● **Exercise prompt**
Return exactly and only these lines: the first of the listing through the one containing "Очевидцы происшествия смогли".

● **Material provided**
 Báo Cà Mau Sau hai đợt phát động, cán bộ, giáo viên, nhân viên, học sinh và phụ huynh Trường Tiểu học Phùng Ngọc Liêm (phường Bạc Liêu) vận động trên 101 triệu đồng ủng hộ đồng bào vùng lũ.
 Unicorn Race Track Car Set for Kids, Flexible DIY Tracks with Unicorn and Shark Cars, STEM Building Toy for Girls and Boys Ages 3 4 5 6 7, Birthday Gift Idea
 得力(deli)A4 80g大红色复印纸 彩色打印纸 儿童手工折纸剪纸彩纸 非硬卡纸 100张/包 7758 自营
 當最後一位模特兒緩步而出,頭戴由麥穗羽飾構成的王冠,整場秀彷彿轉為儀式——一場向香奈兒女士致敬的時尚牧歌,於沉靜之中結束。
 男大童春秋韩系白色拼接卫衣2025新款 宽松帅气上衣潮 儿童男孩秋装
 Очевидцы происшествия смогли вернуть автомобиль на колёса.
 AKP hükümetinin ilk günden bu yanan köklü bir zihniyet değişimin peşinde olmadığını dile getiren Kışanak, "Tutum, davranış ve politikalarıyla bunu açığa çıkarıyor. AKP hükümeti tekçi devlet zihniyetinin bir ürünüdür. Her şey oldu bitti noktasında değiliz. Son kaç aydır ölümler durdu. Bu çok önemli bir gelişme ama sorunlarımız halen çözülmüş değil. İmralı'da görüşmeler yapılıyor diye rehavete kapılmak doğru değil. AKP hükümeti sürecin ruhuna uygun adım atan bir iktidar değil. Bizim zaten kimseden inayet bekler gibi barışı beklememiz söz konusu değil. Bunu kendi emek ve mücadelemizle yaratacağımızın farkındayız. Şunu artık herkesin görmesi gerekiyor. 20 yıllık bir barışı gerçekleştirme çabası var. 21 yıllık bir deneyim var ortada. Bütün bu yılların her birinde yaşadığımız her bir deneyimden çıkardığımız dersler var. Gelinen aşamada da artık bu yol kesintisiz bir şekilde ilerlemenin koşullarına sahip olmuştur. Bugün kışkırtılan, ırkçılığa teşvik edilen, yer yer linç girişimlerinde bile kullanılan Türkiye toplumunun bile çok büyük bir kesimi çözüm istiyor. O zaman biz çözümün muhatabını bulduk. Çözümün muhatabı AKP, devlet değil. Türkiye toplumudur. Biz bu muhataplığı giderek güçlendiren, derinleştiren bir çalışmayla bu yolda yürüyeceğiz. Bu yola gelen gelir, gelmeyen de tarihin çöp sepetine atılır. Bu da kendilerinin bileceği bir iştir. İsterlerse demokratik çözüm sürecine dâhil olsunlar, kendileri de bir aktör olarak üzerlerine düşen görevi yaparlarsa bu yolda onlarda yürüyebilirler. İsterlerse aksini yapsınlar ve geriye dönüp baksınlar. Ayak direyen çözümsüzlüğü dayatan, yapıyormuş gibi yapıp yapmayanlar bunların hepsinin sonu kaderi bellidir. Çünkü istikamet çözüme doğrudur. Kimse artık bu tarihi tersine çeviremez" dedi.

● **Solution to the exercise**
 Báo Cà Mau Sau hai đợt phát động, cán bộ, giáo viên, nhân viên, học sinh và phụ huynh Trường Tiểu học Phùng Ngọc Liêm (phường Bạc Liêu) vận động trên 101 triệu đồng ủng hộ đồng bào vùng lũ.
 Unicorn Race Track Car Set for Kids, Flexible DIY Tracks with Unicorn and Shark Cars, STEM Building Toy for Girls and Boys Ages 3 4 5 6 7, Birthday Gift Idea
 得力(deli)A4 80g大红色复印纸 彩色打印纸 儿童手工折纸剪纸彩纸 非硬卡纸 100张/包 7758 自营
 當最後一位模特兒緩步而出,頭戴由麥穗羽飾構成的王冠,整場秀彷彿轉為儀式——一場向香奈兒女士致敬的時尚牧歌,於沉靜之中結束。
 男大童春秋韩系白色拼接卫衣2025新款 宽松帅气上衣潮 儿童男孩秋装
 Очевидцы происшествия смогли вернуть автомобиль на колёса.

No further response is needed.